From Fee.org (Dec. 8):
Vice President-elect Mike Pence recently described Price to Fox News as “someone who literally, for the last half a dozen years, has been in the forefront of efforts, not only to repeal Obamacare, but put forward common sense, free-market solutions that will lower the cost of health insurance, without growing the size of government.”
Jason Miller, Communications Director for the Trump transition team, told the San Francisco Gate that replacing the ACA is "one of the things he's going to lead the charge on as secretary of HHS."
Lowering the Cost of Care
Evidence is scant that Obamacare did anything to help with the biggest problem facing the American healthcare system: the cost of care. According to Consumer Reports, health care spending is at $3 trillion, making it alone the world’s fifth-largest economy. In the US, health care costs nearly double what the rest of the developed world is paying per person.

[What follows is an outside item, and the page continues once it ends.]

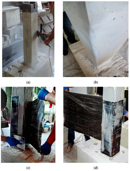 Retrofit process. (a) Smoothing of the circumferential column surface; (b) curving of the column edges; (c) wrapping of the first layer of CFRP textile—full integration of the textile to the resin matrix; (d) wrapping of the second layer of the CFRP textile.

One reason healthcare in America is so expensive is that there are no more actual health insurance companies in this country. Instead, insurance companies have become cost-pools.

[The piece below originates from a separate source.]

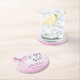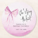 Each round paper coaster features a soft and inviting pink watercolor backdrop that forms the base of the entire design. This artistic wash of pink includes subtle variations and textures inherent in watercolor painting, giving the coaster a luxurious, hand-painted feel. A beautiful blush pink watercolor bow takes a prominent place, its delicate strokes symbolising the joyous union and adding a sweet, romantic accent. The celebratory phrase "She's tying the knot" is gracefully incorporated, setting the theme perfectly. Below this, you'll find space to personalise with the Guest of Honour's Name, ensuring a personal touch. The words "Bridal Shower" are elegantly presented in a refined script, and the date of the event is also included, completing this thoughtful design. The overall aesthetic is one of pure romance and charming detail.

Consumer Reports sums it up nicely: “If you have health insurance, you may think [the cost of care] doesn’t matter because someone else is paying the bill.”
Health care works nothing like other market transactions. As a consumer, you are a bystander to the real action, which takes place between providers—hospitals, doctors, labs, drug companies, and device manufacturers—and the private and governmental entities that pay them. Those same providers are also pushing Americans into newer and more expensive treatments, even when there’s no evidence they’re any better.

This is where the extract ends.